14. EC2 at Evite (cont.)
• Didn’t use provisioned IOPS for EBS
• Didn’t use VPC
• Great experience with Elastic Map Reduce,
S3, Route 53 DNS
• Not so great experience with DynamoDB
• ELB OK but still need HAProxy behind it
15. EC2 at NastyGal
• VPC - really good idea!
• Extension of data center infrastructure
• Currently using it for dev/staging + some
internal backend production
• Challenging to set up VPN tunnels to
various firewall vendors (Cisco, Fortinet)
- not much debugging on VPC side
16. Interacting with AWS
• AWS API (mostly Java based, but also Ruby
and Python)
• Multi-cloud libraries: jclouds (Java), libcloud
(Python), deltacloud (Ruby)
• Chef knife
• Vagrant EC2 provider
• Roll your own
17. Proper infrastructure care
and feeding
• Monitoring - alerting, logging, graphing
• It’s not in production if it’s not monitored
and graphed
• Monitoring is for ops what testing is for
dev
• Great way to learn a new infrastructure
• Dev and ops on pager
18. Proper infrastructure care
and feeding
• Going from #monitoringsucks to
#monitoringlove and @monitorama
• Modern monitoring/graphing/logging tools
• Sensu, Graphite, Boundary, Server
Density, New Relic, Papertrail, Pingdom,
Dead Man’s Snitch
19. Proper infrastructure care
and feeding
• Dashboards!
• Mission Control page with graphs based on
Graphite and Google Visualization API
• Correlate spikes and dips in graphs with errors
(external and internal monitoring)
• Akamai HTTP 500 alerts correlated with Web
server 500 errors and DB server I/O wait
increase
20. Proper infrastructure care
and feeding
• HTTP 500 errors as a percentage of all HTTP
requests across all app servers in the last 60
minutes
21. Proper infrastructure care
and feeding
• Expect failures and recover quickly
• Capacity planning
• Dark launching
• Measure baselines
• Correlate external symptoms (HTTP 500) with
metrics (CPU I/O Wait) then keep metrics
under certain thresholds by adding resources
22. Proper infrastructure care
and feeding
• Automate, automate, automate! - Chef, Puppet,
CFEngine, Jenkins, Capistrano, Fabric
• Chef - can be single source of truth for
infrastructure
• Running chef-client continuously on nodes
requires discipline
• Logging into remote node is anti-pattern (hard!)

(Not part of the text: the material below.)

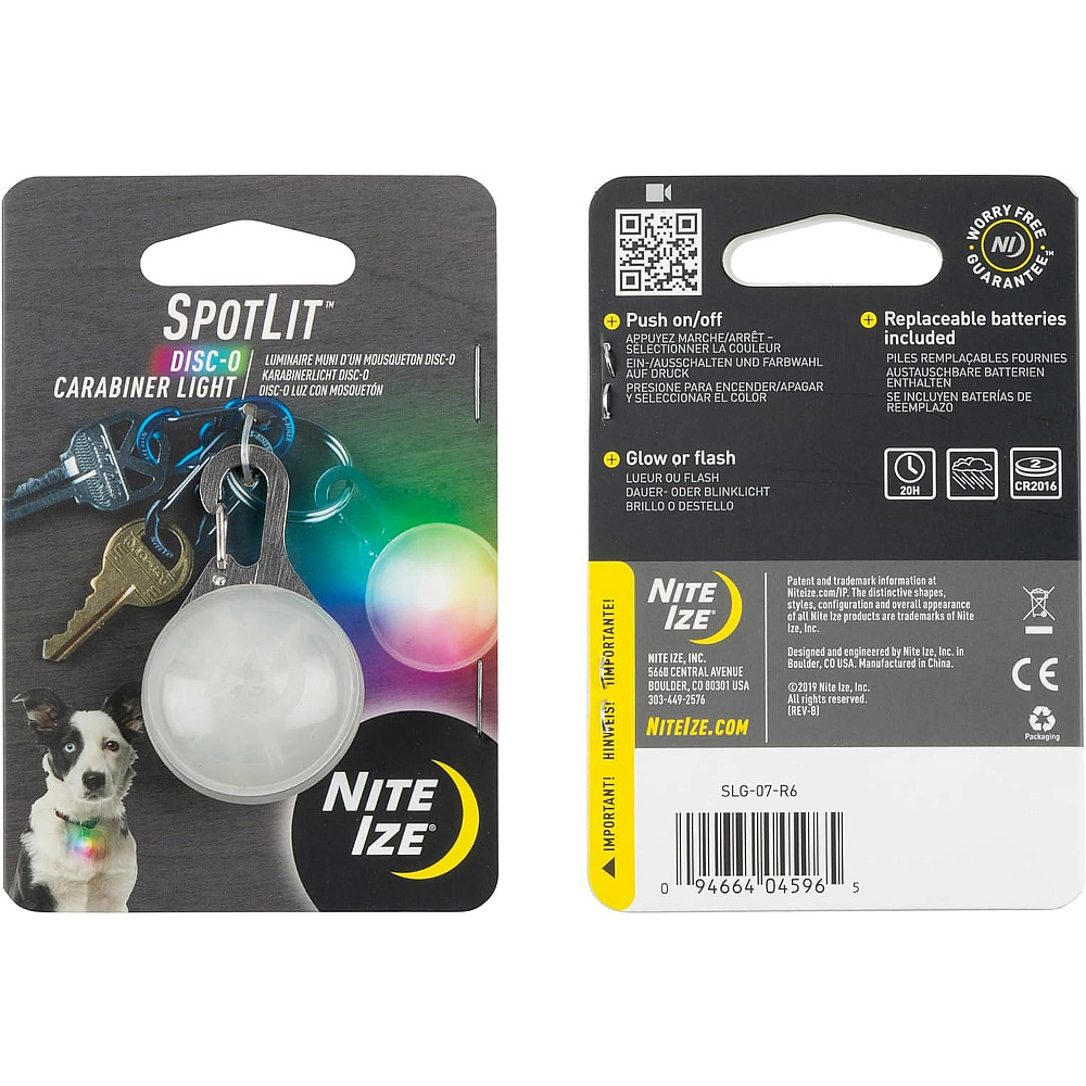 Díky Spotlit budou všechny večerní procházky jednodušší a bezpečnější. Připíná se na D-ring obojku Vašich mazlíčků pomocí karabiny. Stisknutím tlačítka se světélko aktivuje/vypíná, ale také mění svit ze záře na režim krátkých záblesků.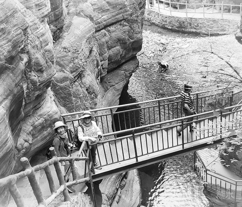 国家4A森林公园,万仙山,绝壁长廊,又称郭亮洞,被誉为世界最奇特的18条公路之1,号称太行隧道之父。 岩壁为质地坚硬的红色砂岩,倾斜度极高,陡峭高耸,连绵不绝。

23. Proper infrastructure care
and feeding
• Chef best practices
• Use knife - no snowflakes!
• Deploy new nodes, don’t do massive updates
in place
• BUT! beware of OS monoculture
• kernel bug after 200+ days
• leapocalypse
24. Is the cloud worth the
hype?
• It’s a game changer, but it’s not magical; try before
you buy! (benchmarks could surprise you)
• Cloud expert? Carry pager or STFU
• Forces you to think about failure recovery,
horizontal scalability, automation
• Something to be said about abstracting away the
physical network - the most obscure bugs are
network-related (ARP caching, routing tables)
25. So...when should I use
the cloud?
• Great for dev/staging/testing
• Great for layers of infrastructure that
contain many identical nodes and that are
forgiving of node failures (web farms,
Hadoop nodes, distributed databases)
• Not great for ‘snowflake’-type systems
• Not great for RDBMS (esp. write-intensive)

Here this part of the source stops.